It's a fact.
A Fact might be "We Build, You Tax".
Feel free to post the GOP plan for comprehensive infrastructure repair.
FRANKFORT, Ky. — U.S. Sen. Rand Paul offered President Barack Obama an alternative plan Thursday for making needed repairs to the nation's infrastructure, including replacing aging bridges like those along Kentucky's northern border.
Paul flew with Obama aboard Air Force One on Thursday afternoon to Cincinnati where the president focused attention on the aging Brent Spence bridge across the Ohio River and promoted his $447 billion jobs plan that includes money to repair bridges, highways and other infrastructure.
Obama's plan has received a cool reception from Republican leaders, including House Speaker John Boehner of Ohio and Senate Republican Leader Mitch McConnell of Kentucky whose states are connected by the double-decker Brent Spence Bridge that opened in 1963.
Paul said that's why he wanted to offer Obama his alternative proposal to prioritize road and bridge projects and to pay for them with an emergency bridge fund that would use money previously set aside for projects that Paul considers unnecessary.
"From my point of view, I think this is a smaller, more narrow proposal, and it stands a better chance than a broader proposal," Paul said after what he described as a "very cordial" discussion with the president.
"This bill truly is a way to begin doing this immediately," Paul said. "Everything else is completely grandstand. If the president agrees to help me with this, it could actually work. ... This actually would allow the highway administrator to prioritize bridge projects to immediately begin spending money on the ones that highway engineers say are deficient."
Paul's proposal would redirect funding for low-priority projects to make critically needed safety repairs to bridges like the Brent Spence between Kentucky and Ohio and Louisville's Sherman Minton Bridge across the Ohio River between Kentucky and Indiana.
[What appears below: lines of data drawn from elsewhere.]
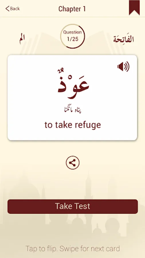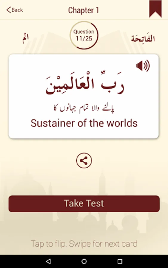 Learn the 6700 unique words of the Holy Quran in an easy to use flashcard style app. The Arabic of each word is displayed on a card that can be tapped to see its English and/or urdu translation. You can then swipe to see the next card and explore different lessons and chapters. Once you have memorized few words, take a multiple-choice test (in English or Urdu) to see how much you have mastered.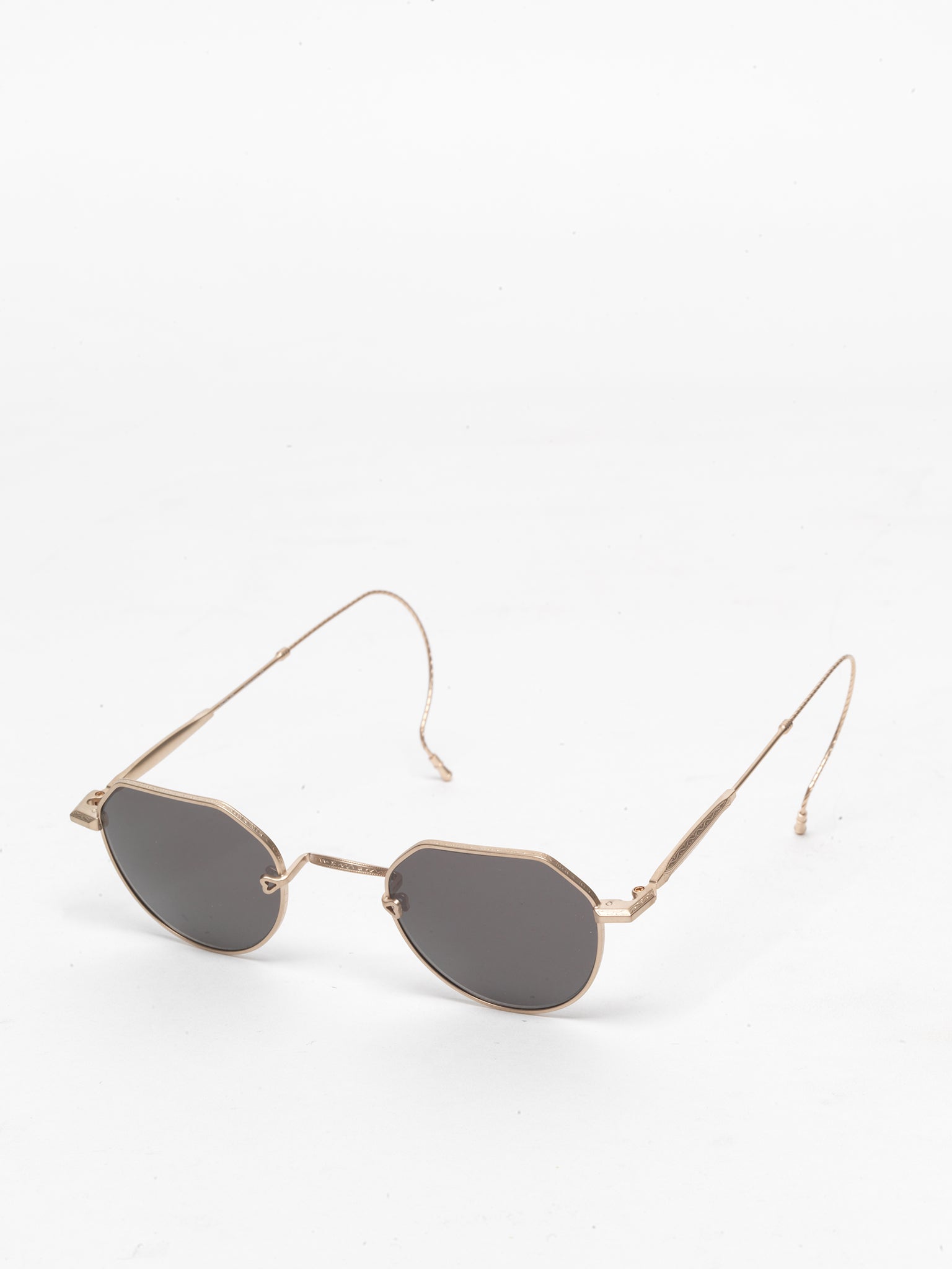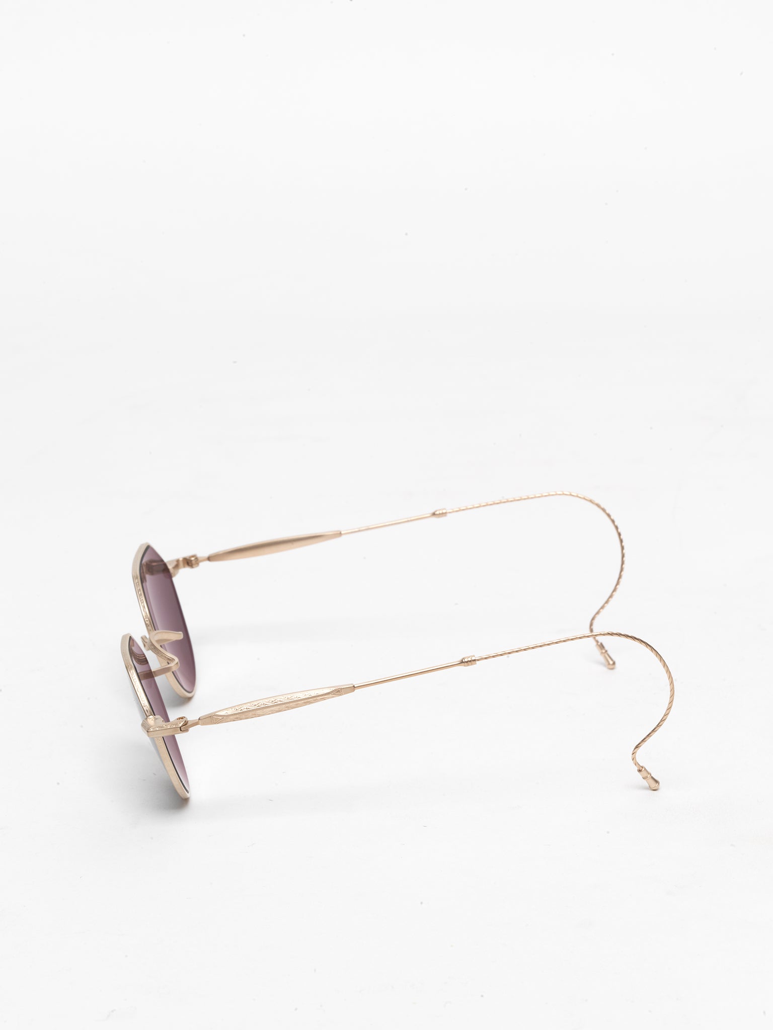 They feature lightweight antique gold titanium structure, curlside temple design, and grey lens with 100% UV protection.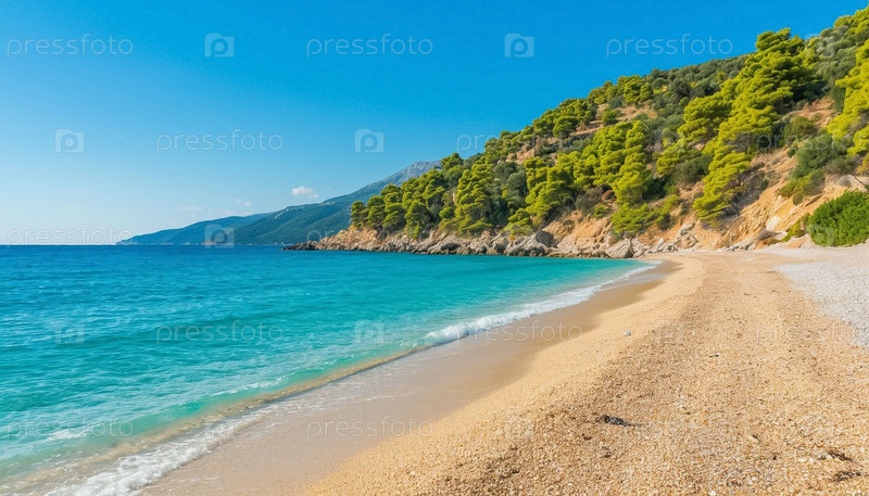 Морской пейзаж - берег моря, песок и волны, пустынный пляж

The proposal calls for a nationwide priority list based on critical needs.
Read more: FRANKFORT, Ky.: Paul offers Obama alternative bridge repair plan | State | Kentucky.com
Still, Infrastructure Maintenance and Repair is more a State or Local Matter. Yes States do receive Federal Funding, and that is a part of the equation, but the burden does reside more at State and Local levels.